This is not directly related to the Millennium Development Goals, but the current state of the world's economy will have a direct impact on implementing those goals. It also has a relationship with concepts such as PRSP (Poverty Reduction Strategy Papers). One interesting fact, Central Banks do not include food or energy in their inflation measurements which impacts the poor more than the rich. This is where my libertarian and progress sides are most in conflict. The blog Road to the Horizon provides a humanitarian perspective on the recent financial bailout in the United States by asking How much is $700 billion really?
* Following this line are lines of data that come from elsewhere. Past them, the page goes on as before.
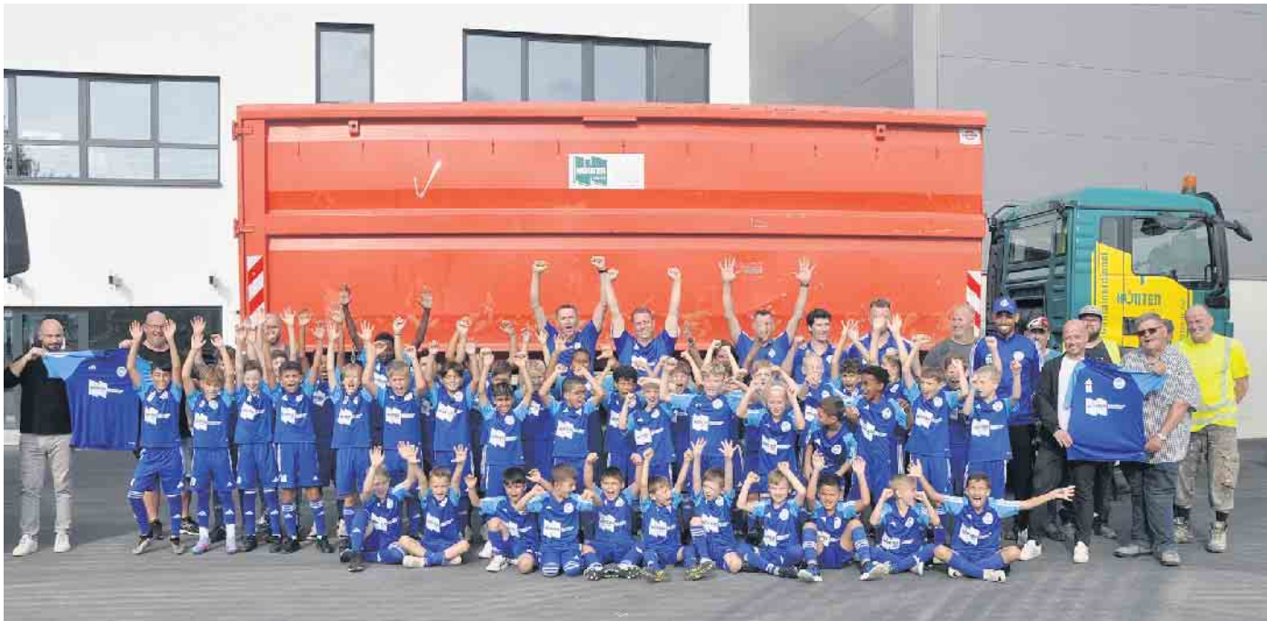
Große Freude bei den jungen Spielern, ihren Betreuern und den Repräsentanten des Sponsors Hünten bei der Übergabe der 100 Trikotsätze.

SSV Bornheim erhielt Spende - Sieben Jugendmannschaften wurden ausgestattet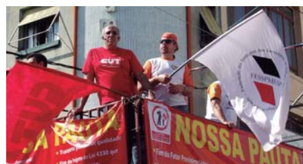
ESTIVEMOS na região de Itu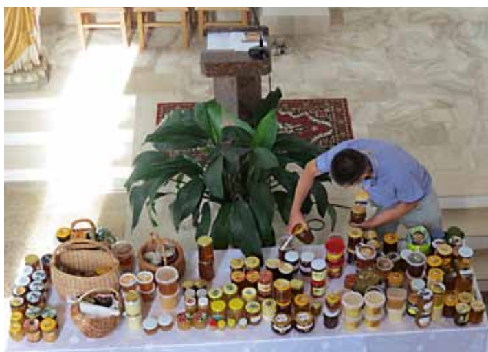
Kirikusse õnnistamiseks toodud mesi.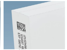
Código de barras 2D TIJ en cartón de papel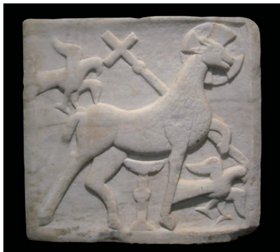
Sl. 195 - Kotor, bizantski reljef

je u svojoj analizi Rapskog evanđelistara ukazao na bizantsku provenijenciju figuralnih motiva, ali i na vjerojatni nastanak rukopisa u skriptoriju, možda na samome Rabu, pod utjecajem zadarskog skriptorija sv. Krševana. 408 Nasuprot tome, kameni reljef s Kristom na prijestolju ne može se povezati s domaćim ranoromaničkim radionicama u Dalmaciji, nego predstavlja uvozni rad, kakvi su vrlo rijetki u razdoblju 11. i 12. st. u Dalmaciji i na Kvarneru.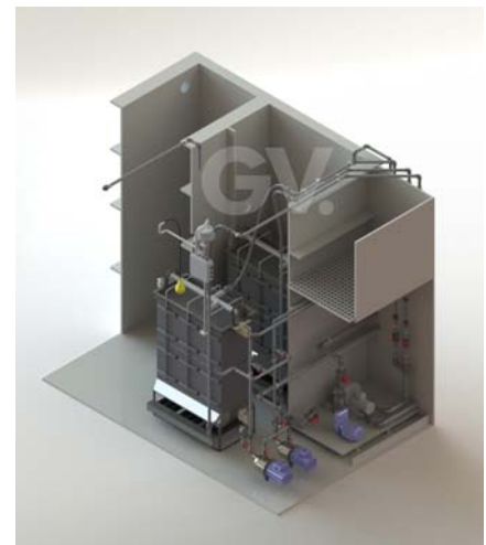
Equipo de membranas (MBR)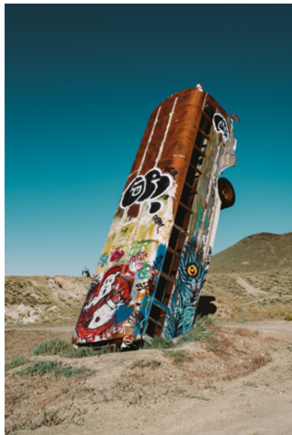
《Nevada, United States》2019年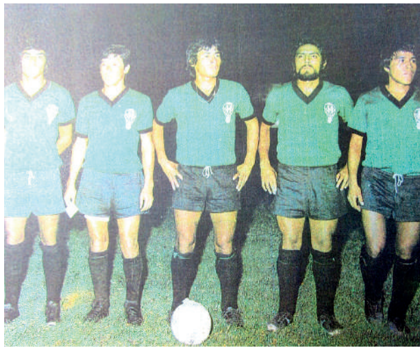
• UN DÍA COMO HOY Sportivo Huracán logró el título de campeón de la Copa Perú.

El domingo 11 de febrero, el cuadro arequipeño tuvo un traspie y pierden 1-0 ante Cienciano del Cusco. Mientras que el jueves 15 Huracán hace historia tras derrotar 2-0 a Sider-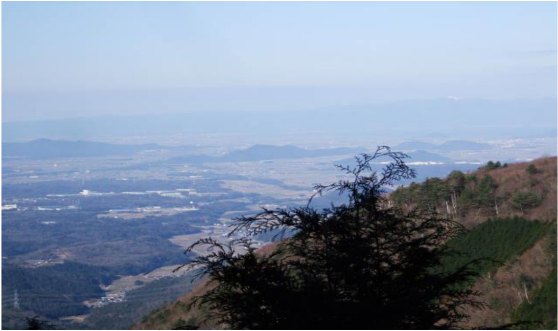
夢咲の鐘から滋賀県側の眺望が望めました。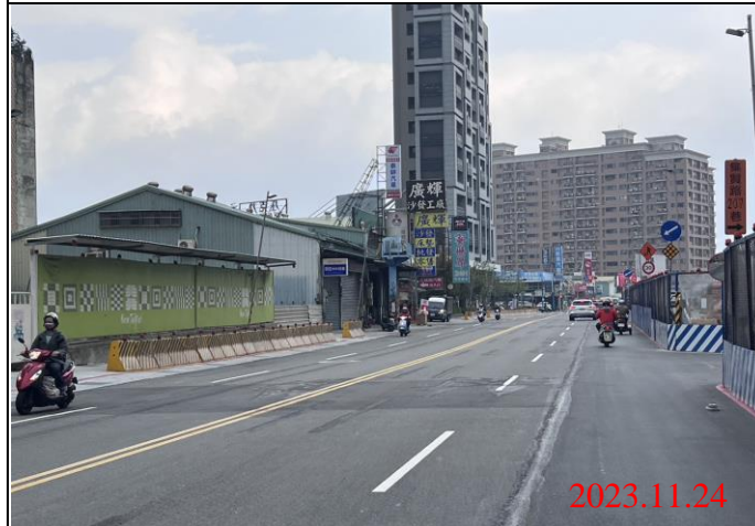
巡查日期地點：112.11.24/ Y22車站 照片說明：路面狀況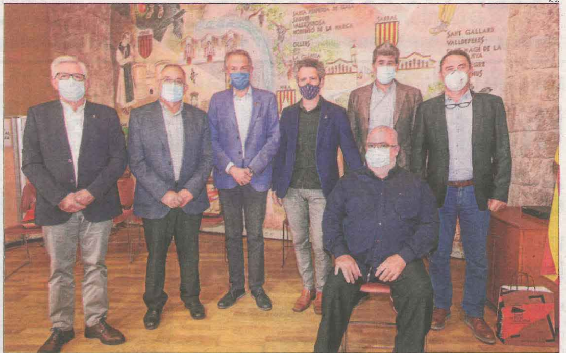
Els presidents dels set consells que firmen el manifest que exigeix frenar l'allau de renovables.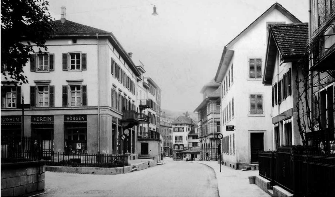
Konsumverein Horgen, heute Seestrasse 166, 1934.

Der Einkauf von günstigen Lebensmitteln beziehungsweise deren Bereitstellung ist nicht erst in jüngster Zeit zum Thema geworden. Heute wird diese Thematik insbesondere auch mit dem Einkaufstourismus ins nahe Ausland in Verbindung gebracht. Das Bedürfnis, die Lebensmittel möglichst zu einem günstigen Preis einkaufen zu können, gehörte bereits zu den Forderungen der Arbeiterbewegung. Seit etwa 1840 umfasst dieser Begriff die Gesamtheit der Bestrebungen, durch Zusammenschlüsse und kollektives Handeln in allen Bereichen der Gesellschaft deren ökonomische, soziale, politische und kulturelle Emanzipation zu fördern. Dazu gehörte auch das Bedürfnis nach günstigen Lebensmitteln.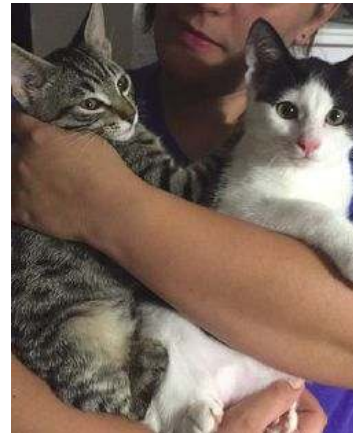
gara, lo spettacolo "Best in Show" durante il quale questi splendidi

Nel pomeriggio, sia di oggi che di domani, vi sarà una vera e propria

MIT World » : The U.S. and the World’s Recession
It’s been true for years, notes Rigobon, that “oil is unconditionally negatively correlated with cereals.” If oil is up, maize, sorghum and wheat prices are down. But this has recently changed, a sign “of the unique times we’re in, the policy challenges we’re facing.” We are simultaneously facing recession (due in large part to the sub-prime mortgage crisis), and inflation, in both food and oil prices. Central banks, he notes with scorn and wonderment, don’t include food and energy in their calculations of “core inflation.” If the job of these banks and government is to take care of their citizens, they must respond to this crisis along the lines of the response to 9/11 or Enron. Rigobon endorses well-communicated, transparent policies, and some tough measures like interest rate increases.
I found this after having viewed his most recent talk from MIT. Rigobon can be rather irreverant, but there are many points of connection today with what he was saying back in 2004. The point about 3 billion people living on less than two dollars a day is more relevant to the Millennium Development Goals.
MIT World » : Institutions, Geography, and GrowthABOUT THE LECTURE:
Three billion people on earth live on less than two dollars a day. A relative handful of us fare astronomically better. How do economists account for global “haves” and “have-nots”? Roberto Rigobon attributes a vast income inequality across countries to four connecting factors: luck, geography, quality of institutions, and quality of policies.